● ABOUT THIS TASK: Could you write out, exactly, every line from the top of the data through the line holding "Featuring This Lavender"? Omit the pictures.

====== INPUT MATERIAL

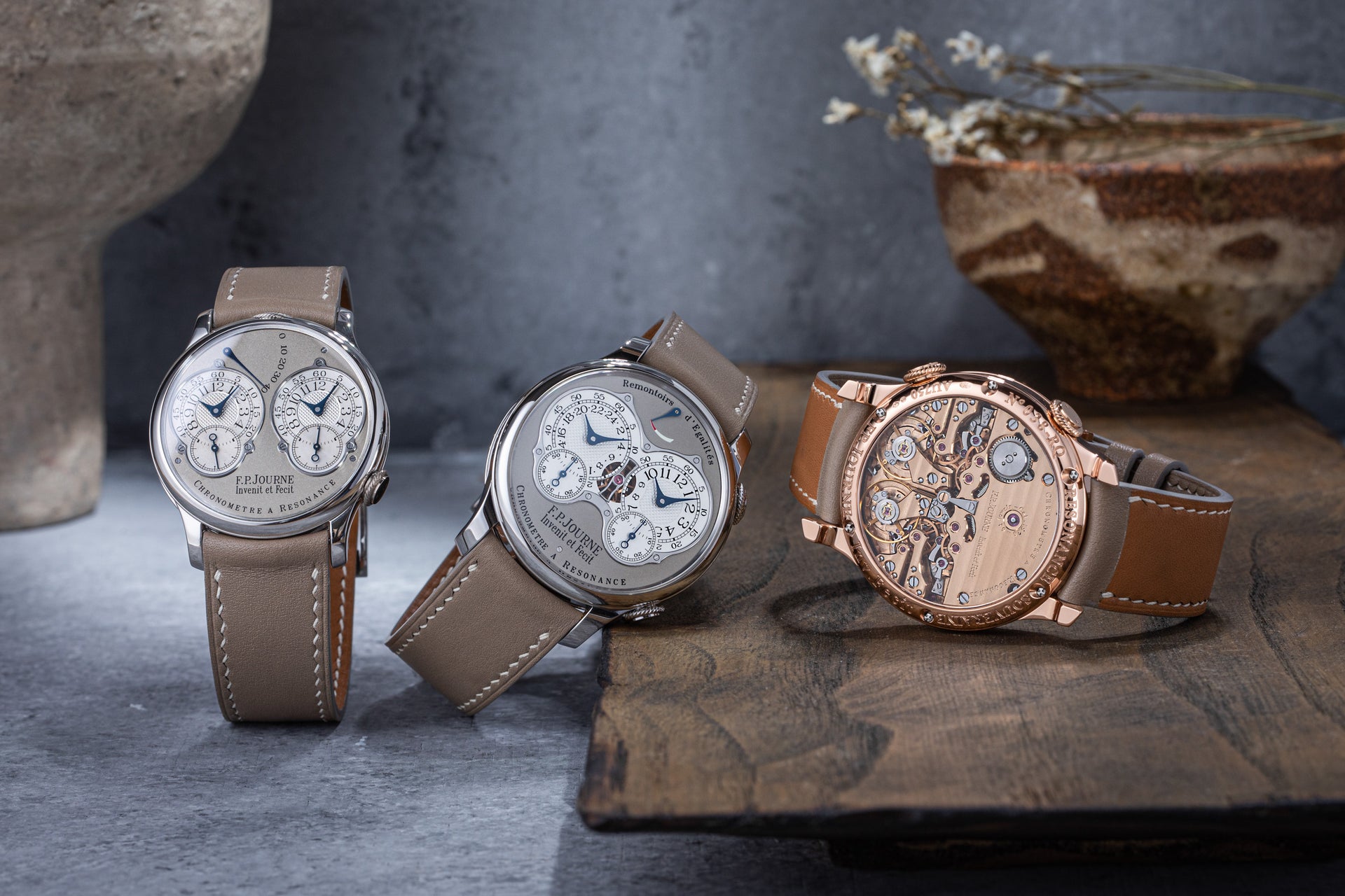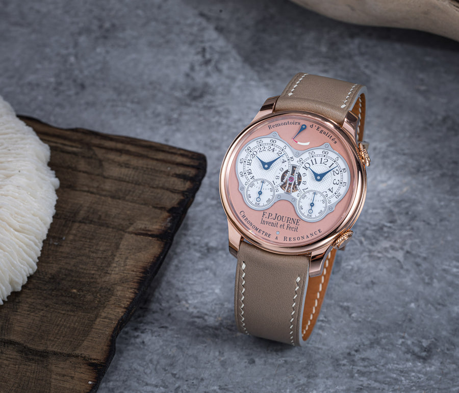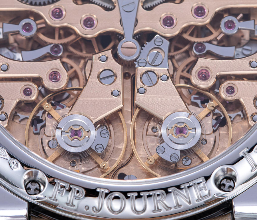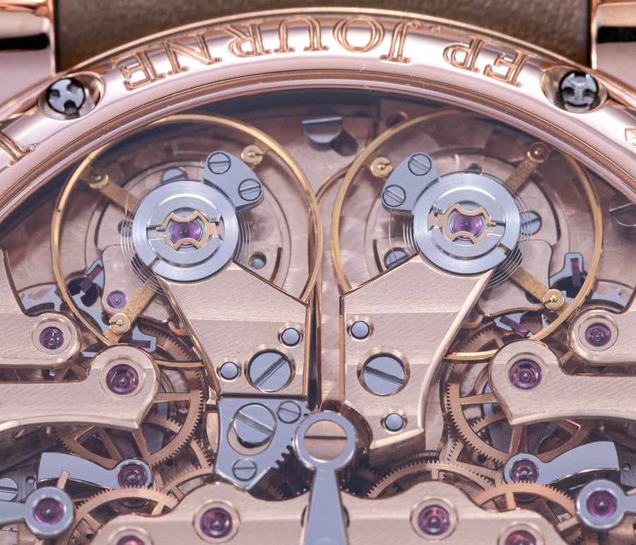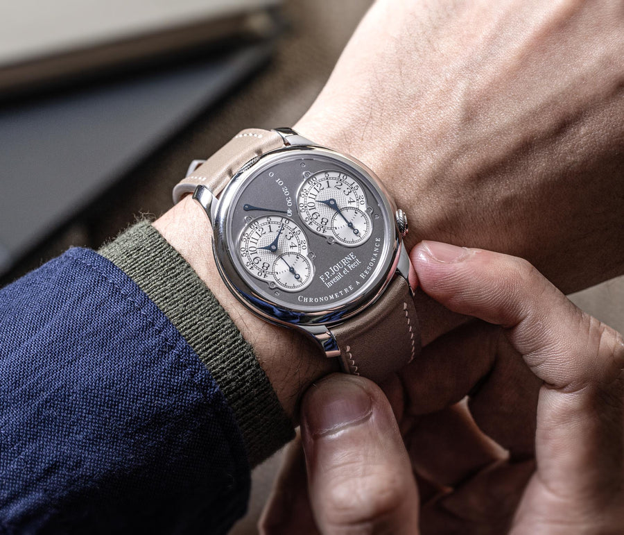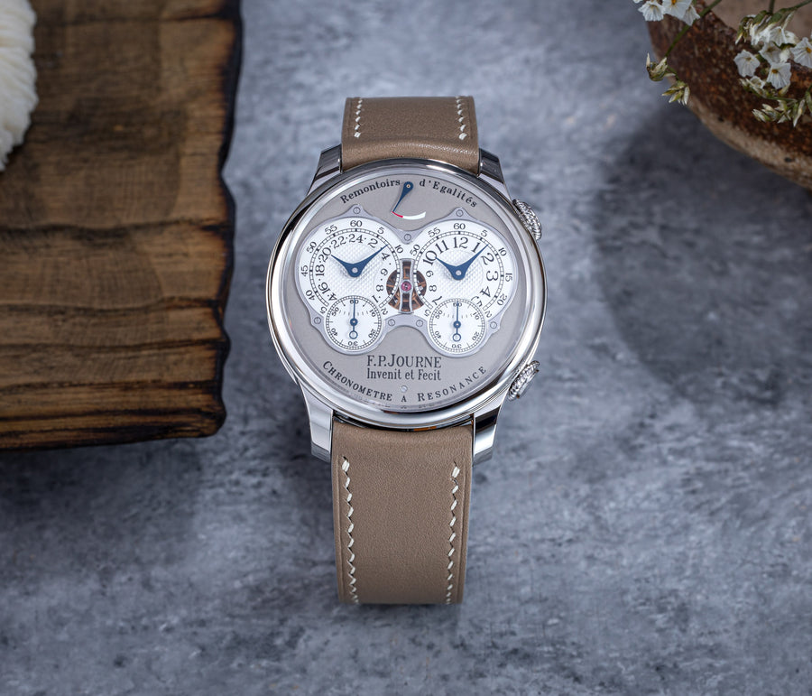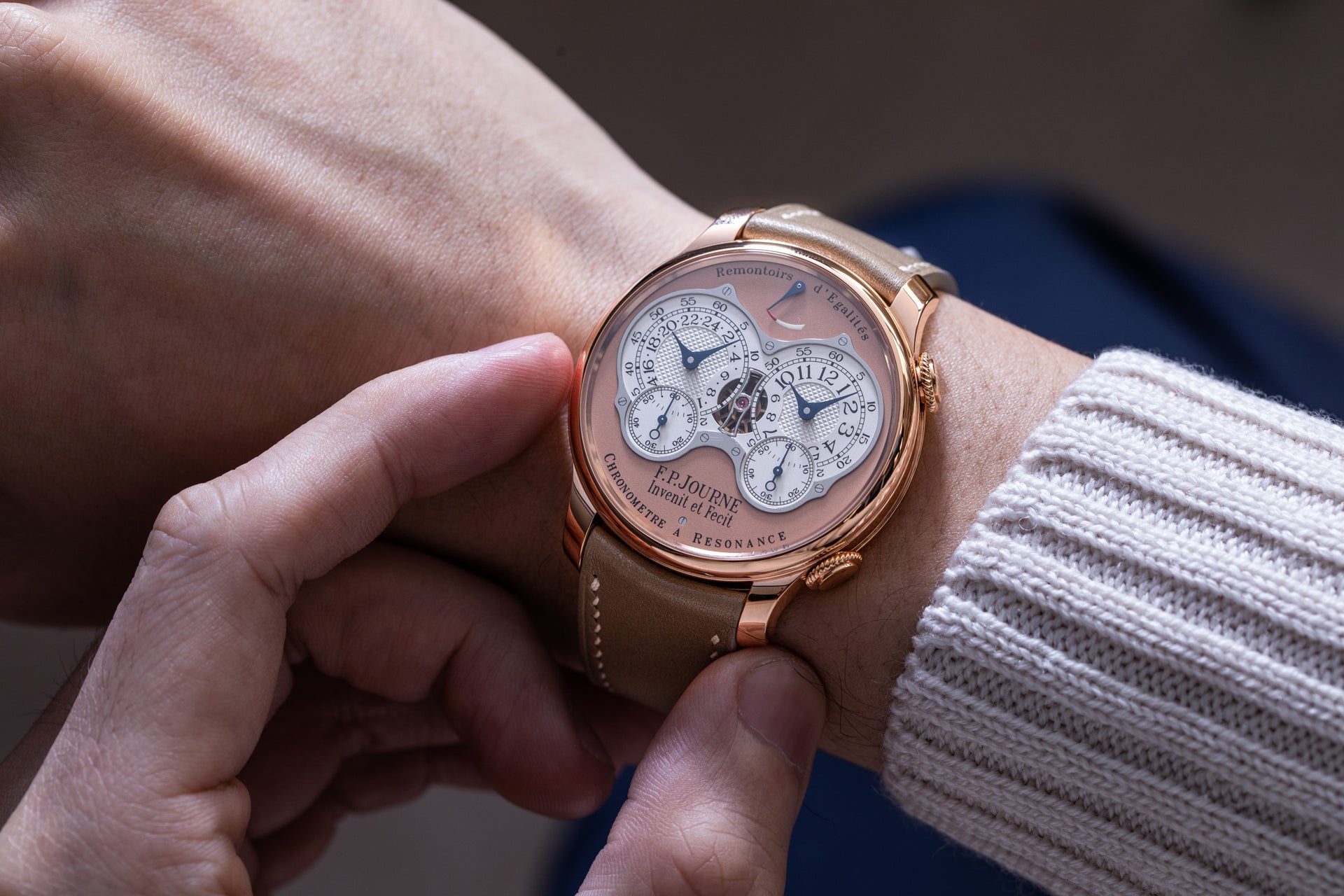 Launched shortly after the 1999 Tourbillon Souscription, the Chronomètre à Résonance is perhaps Journe’s most ingenious wristwatch. Inspired by Antide Janvier's 19th century double-pendulum clocks that were built to function on the principles of resonance, the movement has twin balance wheels that beat in sync, relying on the air within the case and the movement bridges to transmit the subtle vibrations that allow them to operate in resonance.
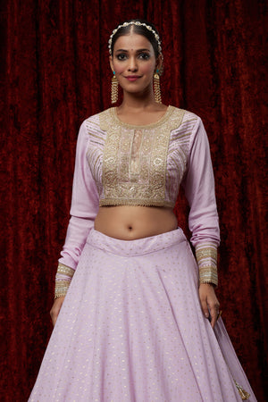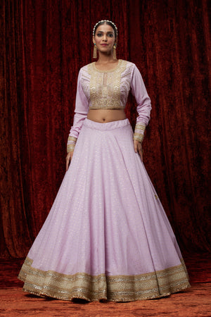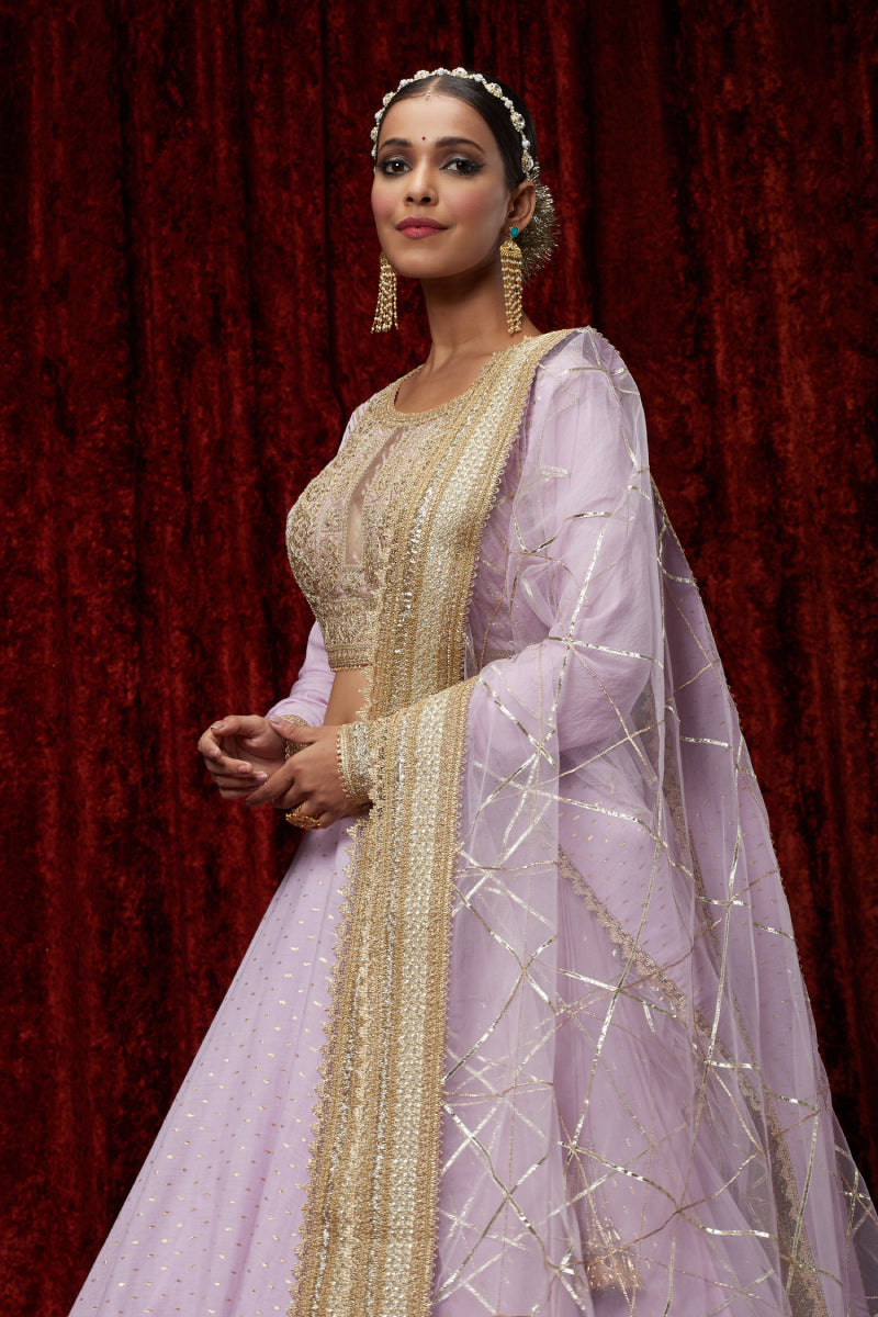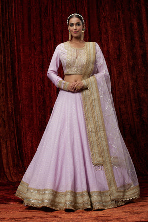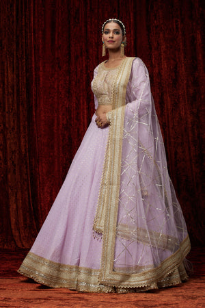 Featuring This Lavender Cotton Chanderi Lehenga With Fine Gota Work. It's Paired With Embroided Chanderi Blouse And Net Dupatta.
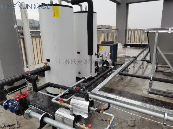 太倉國際車聯(lián)網(wǎng)大數(shù)據(jù)產(chǎn)業(yè)園需要熱水系統(tǒng),與歐麥朗合作,采用太陽能空氣能結(jié)合的熱水系統(tǒng),滿足日常洗浴用水。該熱水系統(tǒng)采用平板太陽能+空氣能熱泵機組+承壓水箱來提供熱水。太陽能在晴好天氣就能滿足日常熱水需要,而且不需要任何運營費用,只有在冬季、陰雨天和光照不足的天氣才會使用空氣能輔助加熱,而且本項目采用承壓式熱水系統(tǒng)設(shè)計方案,使原本就很節(jié)省運營成本的方案更加節(jié)??!
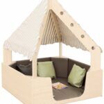 het knusse huisje heeft een interieur voorzien van zit- en zijkussens van kunstleer. Het kunstleer kan eenvoudig worden gereinigd met een vochtige doek. Het stoffen dak kan eenvoudig met klittenband worden bevestigd aan de uitsparingen in de dakgevel en kan te allen tijde worden verwijderd om te worden schoongemaakt.
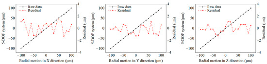 The calibration of three-dimensional displacement is performed on a precisely error-compensated CNC machine tool (HMC400 Pro, HIMILE, ±3 μm/500 mm after compensation) using the high-precision micro-movement of the machine’s linear axes. Based on the actual coordinates of the machine tool, calibration is carried out within ±100 μm in the XYZ directions, with a step size of 20 μm. The calibration setup is shown in Figure 11, and the calibration results are presented in Figure 12. The results indicate, that within the ±100 μm measurement range of the instrument, the calibration residuals for the XYZ coordinates are all within 2 μm. Using the precisely calibrated coordinate movement of the CNC machine tool as a reference, the readings from the instrument developed in this paper are subtracted to obtain the residual error.
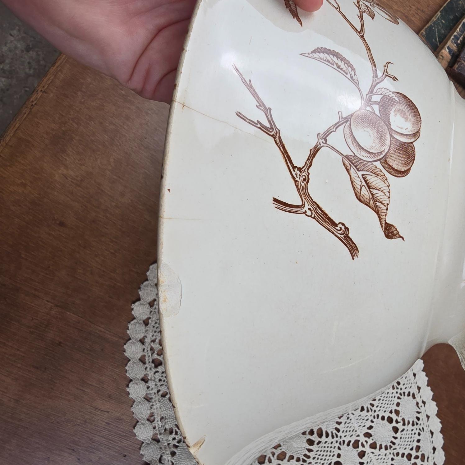 🔍 État : Plusieurs éclats et fêles visibles, belle patine, décor sépia intact et lumineux (bien regarder les photos)

============

● SOLVED PROBLEM:
 Launched shortly after the 1999 Tourbillon Souscription, the Chronomètre à Résonance is perhaps Journe’s most ingenious wristwatch. Inspired by Antide Janvier's 19th century double-pendulum clocks that were built to function on the principles of resonance, the movement has twin balance wheels that beat in sync, relying on the air within the case and the movement bridges to transmit the subtle vibrations that allow them to operate in resonance.
 Featuring This Lavender Cotton Chanderi Lehenga With Fine Gota Work. It's Paired With Embroided Chanderi Blouse And Net Dupatta.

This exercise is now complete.